(EXTRACTED RECORDS Opens)

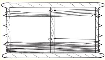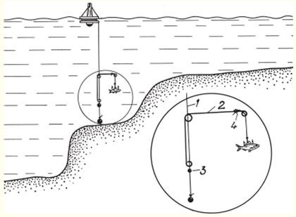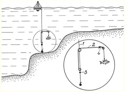Рис. 2. Мотовильце для запасных поводков В периоды, когда судак охотится у дна или в толще воды, также хорошо подходят в качестве наживки ерш, пескарь, плотвичка и некоторые рыбы других видов. Живец должен ходить на поводке бойко, тогда он быстро привлечет к себе судака. На водоемах с большим разгоном волны при ловле на обычные кружки нередко происходят холостые перевертки. Чтобы кружок сильно не бросало волной, нужно, чтобы плоскость его была большой, а штырь утяжелен у основания. Для этого штырь делается полым, а сам кружок берется диаметром 20 см. В полость штыря засыпается дробь или картечь, которая при перевертке снова уходит вниз, придавая кружку устойчивость. При ловле в ночное время пользуются, как правило, кружками обычной конструкции (так как летней ночью ветер редко дует). Но чтобы кружок был хорошо виден, на оба конца штыря наносят фосфоресцирующую краску или крепят специальную наклейку, которая светится в темноте. Время клева судакаСчитается, что пик летней кормовой активности судака – это полчаса после захода и час до восхода солнца. Но в период охоты на уклейку судак может ловиться с переменным успехом и в течение всего дня. В конце лета и осенью судак иногда выходит на охоту в середине дня, но она обычно бывает непродолжительной. При этом в районе бровок (и не только) судак может периодами охотиться то возле самого дна (тогда живца устанавливают в 50–70 см от дна), то в толще воды. Кроме того, судак бывает активен ночью. На ночь лучше ставить заякоренные кружки, размещая их в районе бровок. Оснастка заякоренного кружка показана на рис. 3. Перед тем как «зарядить» такой кружок, необходимо выставить фиксатор поводка на соответствующий уровень ловли (обычно 40–60 см), затем надежно нацепить живца за верхнее нёбо и опустить грузило на дно. Смотав свободную часть лески, необходимо ее вставить в прорезь так, чтобы основная леска под тяжестью груза оставалась в натянутом положении. При поклевке диск переворачивается, и сверху оказывается нижняя (белая) сторона; рыба тянет за поводок, и он, беспрепятственно скользя по основной леске, заставляет кружок разматываться. Обычно для заякоренного кружка используется концевой груз весом 200–300 г. Рис. 3. Заякоренный кружок для ночной ловли судака на бровке: 1 – основная леска; 2 – проволочка со скользящими кольцами, изогнутая под углом 90 градусов; 3 – стопорящая дробинка; 4 – место для привязывания поводковой лески на монтажной проволочке Ночная активность судака часто совпадает с периодом активности леща, стаи которого «клыкастый» нередко сопровождает. Кстати, в начале лета можно приблизительно определить район охоты судака по лещу, который на утренних зорях нередко плещется у поверхности воды. Поклевка и вываживание судакаКогда судак активный, обычно кружок резко переворачивается. Но бывает, что кружок наклоняется и только потом переворачивается. Если сразу подплыть к кружку и сделать подсечку, то живца можно вырвать изо рта судака. Нужно дождаться, чтобы после перевертки кружка леска начала разматываться. И только после того, как смотаются 1,5–3 м лески, можно сделать подсечку. Она должна быть не слишком резкая, но достаточно энергичная. В Подмосковье есть немало водохранилищ, в которых судак выходит на охоту в районе коряжника. Часто корягами усеяно дно заливов, в которые впадают прит
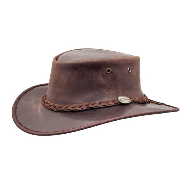 Barmah 1062BR Foldaway Oiled is great in the outback, with a rugged oiled waxed leather finish and a shorter brim for more of a city look. This hat is not for the faint hearted, its unique leather is key to showing a different finish, worn-in, lived-in look making it look loved and used.
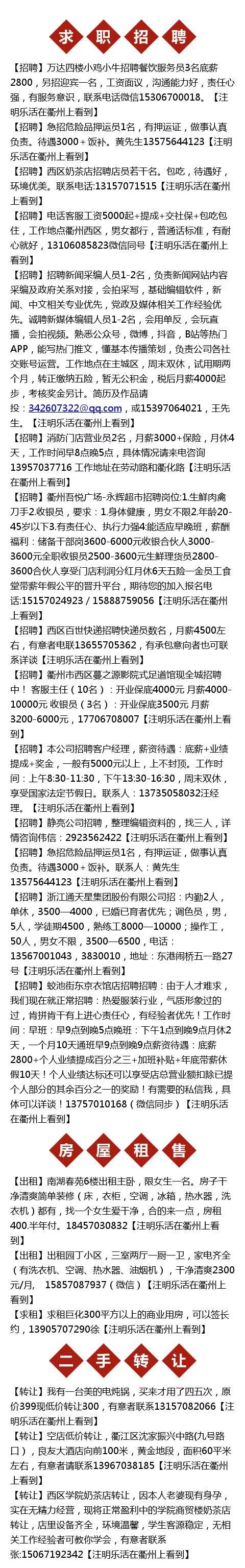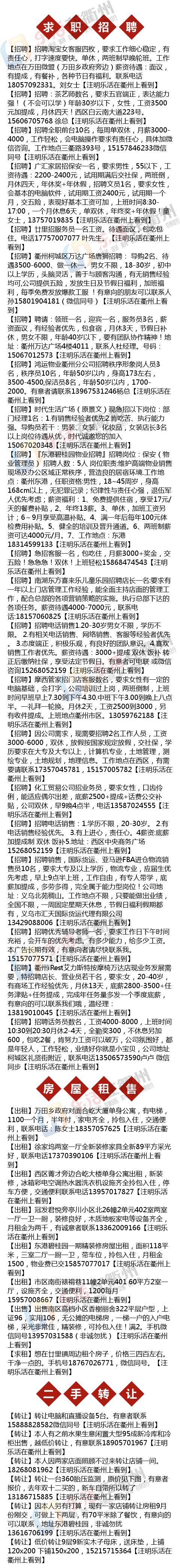 【万能的乐活君】 暂时只接受求职招聘,出、租房,二手转让等信息!基本信息我们已经筛选,具体情况电话咨询,若有虚假请第一时间向小编微信lehuojun2反馈!乐活在衢州微社区里禁止发广告,恶言相对!
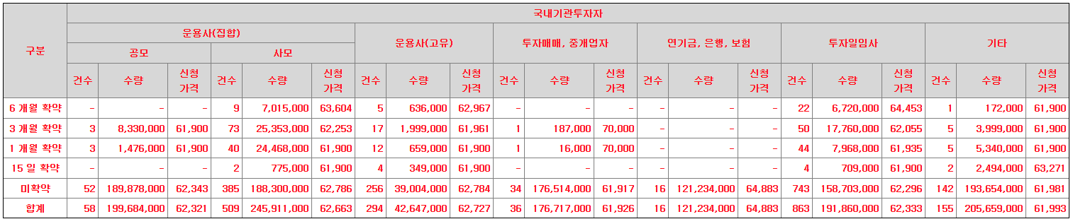 ③ 기관투자자 청약일 : 2025년 01월 21일 ~ 01월 22일(2일간)
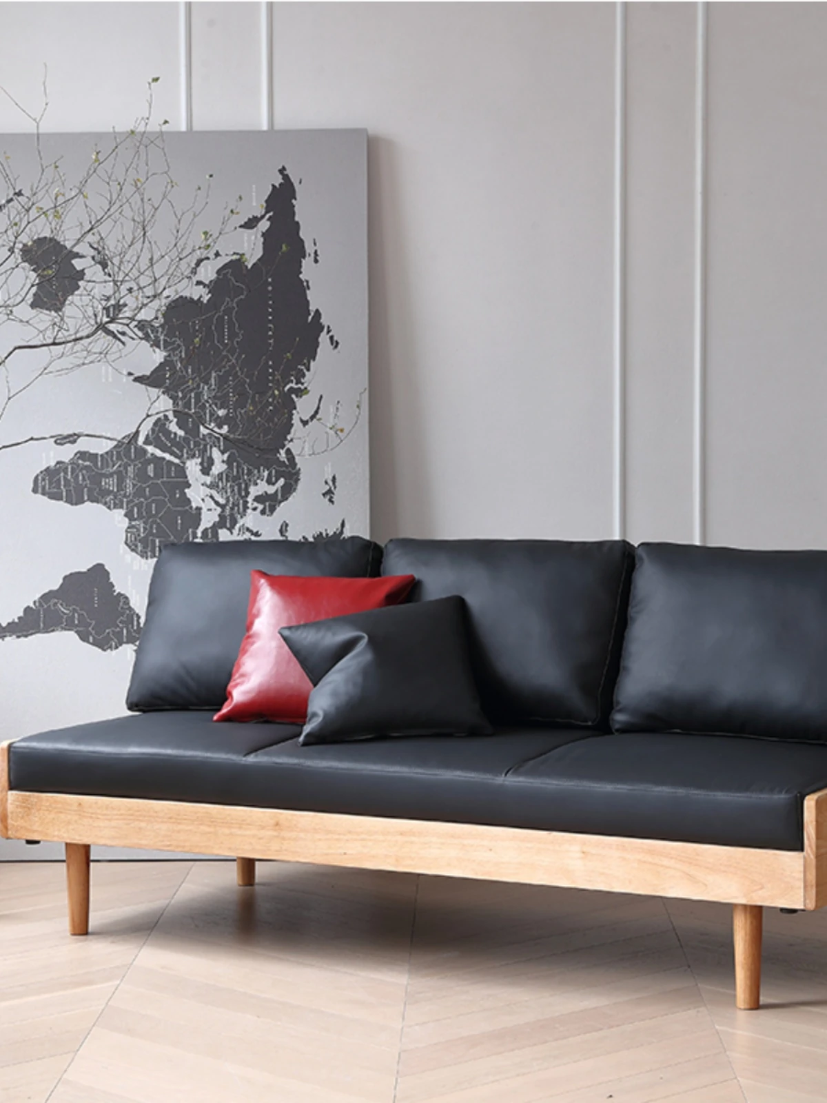 直感的贅沢、イタリアンスタイルのミニマルデザイン!アームレスでレトロなウォールナット材の3人掛けレザーソファ。ブラックカラーが洗練された雰囲気を演出し、リビングやオフィスに最適です。
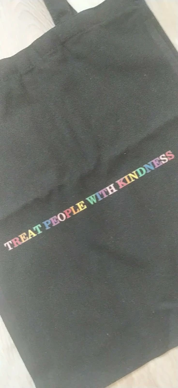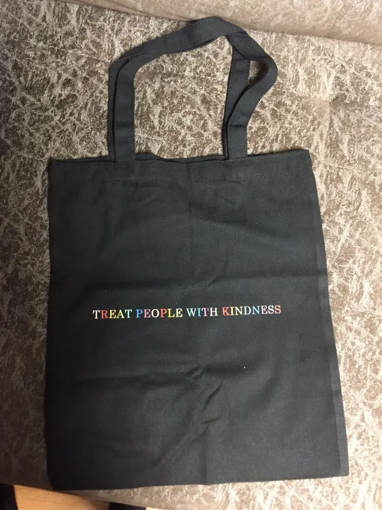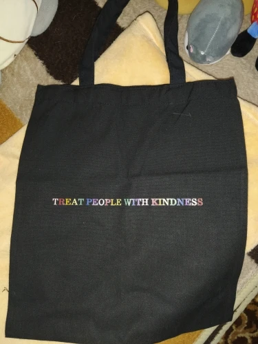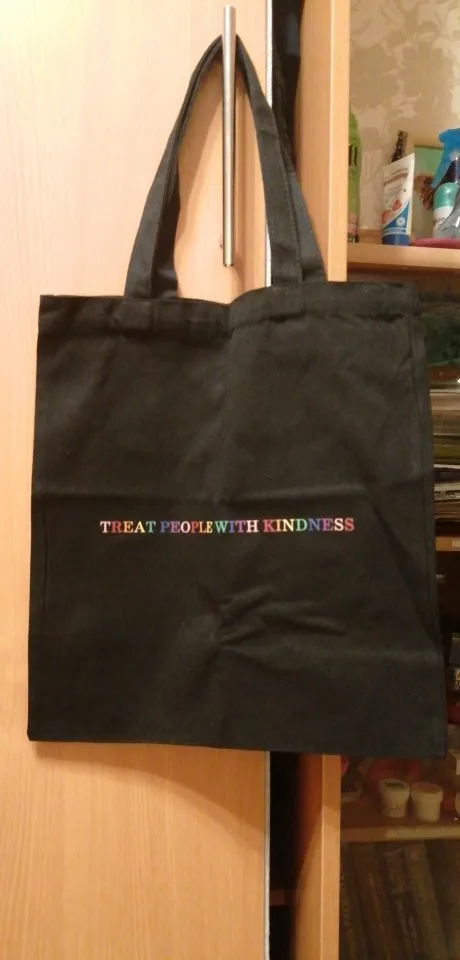 Шопер чудесный за свою цену. Дошел в Украину за пару-тройку недель. Плотная ткань, видимые швы очень аккуратные. Печать текста неплохая, по контуру видно следы клея, но не смотря на темную ткань светлые цвета остаются насыщенными. Единственное, хотелось бы немного длиннее ручки, мне не хватает 3-5 см. С продавцом не общалась.

(EXTRACTED RECORDS Closes)

Write out the material above exactly. Skip the pictures.

• [PROBLEM SOLUTION]:
Рис. 2. Мотовильце для запасных поводков В периоды, когда судак охотится у дна или в толще воды, также хорошо подходят в качестве наживки ерш, пескарь, плотвичка и некоторые рыбы других видов. Живец должен ходить на поводке бойко, тогда он быстро привлечет к себе судака. На водоемах с большим разгоном волны при ловле на обычные кружки нередко происходят холостые перевертки. Чтобы кружок сильно не бросало волной, нужно, чтобы плоскость его была большой, а штырь утяжелен у основания. Для этого штырь делается полым, а сам кружок берется диаметром 20 см. В полость штыря засыпается дробь или картечь, которая при перевертке снова уходит вниз, придавая кружку устойчивость. При ловле в ночное время пользуются, как правило, кружками обычной конструкции (так как летней ночью ветер редко дует). Но чтобы кружок был хорошо виден, на оба конца штыря наносят фосфоресцирующую краску или крепят специальную наклейку, которая светится в темноте. Время клева судакаСчитается, что пик летней кормовой активности судака – это полчаса после захода и час до восхода солнца. Но в период охоты на уклейку судак может ловиться с переменным успехом и в течение всего дня. В конце лета и осенью судак иногда выходит на охоту в середине дня, но она обычно бывает непродолжительной. При этом в районе бровок (и не только) судак может периодами охотиться то возле самого дна (тогда живца устанавливают в 50–70 см от дна), то в толще воды. Кроме того, судак бывает активен ночью. На ночь лучше ставить заякоренные кружки, размещая их в районе бровок. Оснастка заякоренного кружка показана на рис. 3. Перед тем как «зарядить» такой кружок, необходимо выставить фиксатор поводка на соответствующий уровень ловли (обычно 40–60 см), затем надежно нацепить живца за верхнее нёбо и опустить грузило на дно. Смотав свободную часть лески, необходимо ее вставить в прорезь так, чтобы основная леска под тяжестью груза оставалась в натянутом положении. При поклевке диск переворачивается, и сверху оказывается нижняя (белая) сторона; рыба тянет за поводок, и он, беспрепятственно скользя по основной леске, заставляет кружок разматываться. Обычно для заякоренного кружка используется концевой груз весом 200–300 г. Рис. 3. Заякоренный кружок для ночной ловли судака на бровке: 1 – основная леска; 2 – проволочка со скользящими кольцами, изогнутая под углом 90 градусов; 3 – стопорящая дробинка; 4 – место для привязывания поводковой лески на монтажной проволочке Ночная активность судака часто совпадает с периодом активности леща, стаи которого «клыкастый» нередко сопровождает. Кстати, в начале лета можно приблизительно определить район охоты судака по лещу, который на утренних зорях нередко плещется у поверхности воды. Поклевка и вываживание судакаКогда судак активный, обычно кружок резко переворачивается. Но бывает, что кружок наклоняется и только потом переворачивается. Если сразу подплыть к кружку и сделать подсечку, то живца можно вырвать изо рта судака. Нужно дождаться, чтобы после перевертки кружка леска начала разматываться. И только после того, как смотаются 1,5–3 м лески, можно сделать подсечку. Она должна быть не слишком резкая, но достаточно энергичная. В Подмосковье есть немало водохранилищ, в которых судак выходит на охоту в районе коряжника. Часто корягами усеяно дно заливов, в которые впадают прит
 Barmah 1062BR Foldaway Oiled is great in the outback, with a rugged oiled waxed leather finish and a shorter brim for more of a city look. This hat is not for the faint hearted, its unique leather is key to showing a different finish, worn-in, lived-in look making it look loved and used.
 【万能的乐活君】 暂时只接受求职招聘,出、租房,二手转让等信息!基本信息我们已经筛选,具体情况电话咨询,若有虚假请第一时间向小编微信lehuojun2反馈!乐活在衢州微社区里禁止发广告,恶言相对!
 ③ 기관투자자 청약일 : 2025년 01월 21일 ~ 01월 22일(2일간)
 直感的贅沢、イタリアンスタイルのミニマルデザイン!アームレスでレトロなウォールナット材の3人掛けレザーソファ。ブラックカラーが洗練された雰囲気を演出し、リビングやオフィスに最適です。
 Шопер чудесный за свою цену. Дошел в Украину за пару-тройку недель. Плотная ткань, видимые швы очень аккуратные. Печать текста неплохая, по контуру видно следы клея, но не смотря на темную ткань светлые цвета остаются насыщенными. Единственное, хотелось бы немного длиннее ручки, мне не хватает 3-5 см. С продавцом не общалась.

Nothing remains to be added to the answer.